Brilliant PIMPERS .......now take a few billion of that Bond toilet paper and buy some physical.....oh wait....you'll own "paper gold"........too bad soo sad......you'll own shit
LOL, Welcome aboard the Gold Train PIMPCO...its only been going up 11 years in a row.
Two points:
1) The markets have chosen gold and silver as money over several thousand years.
Over the past 100 years governments have haplessly been fighting the markets and trying to legislate gold and silver money out of existence using paper legal tender laws. Now their central bank creations are collapsing our economies and gold and silver are reasserting themselves in the market.
2) The real price of gold adjusted for true consumer goods inflation before the Boskin/Greenspan rewrite of CPI calcs in 1992 is something very different than presented above. See: http://www.fgmr.com/real-gold-price.html
Look at that chart. Especially all you "China Hard Landing" fools. China is set to boom.
Maybe, but rather have physical PM's in my possession over any Chinese stocks.
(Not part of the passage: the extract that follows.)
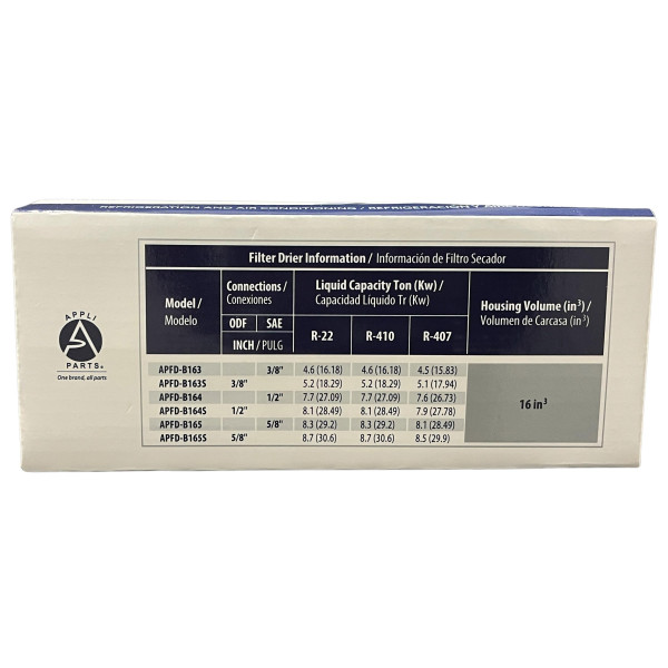 Appli Parts APFD-B163S 3/8 in ODF Biflow Filter Drier 163 Universal Replacement for Refrigeration and Air Conditioning Applications

Gamble your money away if it makes you happy, I will stick with what cant be printed away by banksters, or chinese criminal bureaucrats.
I only recommend silver.
i am wildly bullish on silver. Above ground supplies are so damned low.
Good news? We won't know quite yet. From FT:
CFTC urged to act on position limitsThere is a lot more silver above ground than some silver bulls think. Bullion silver and total silver is commonly conflated, but most silver is not in bullion form.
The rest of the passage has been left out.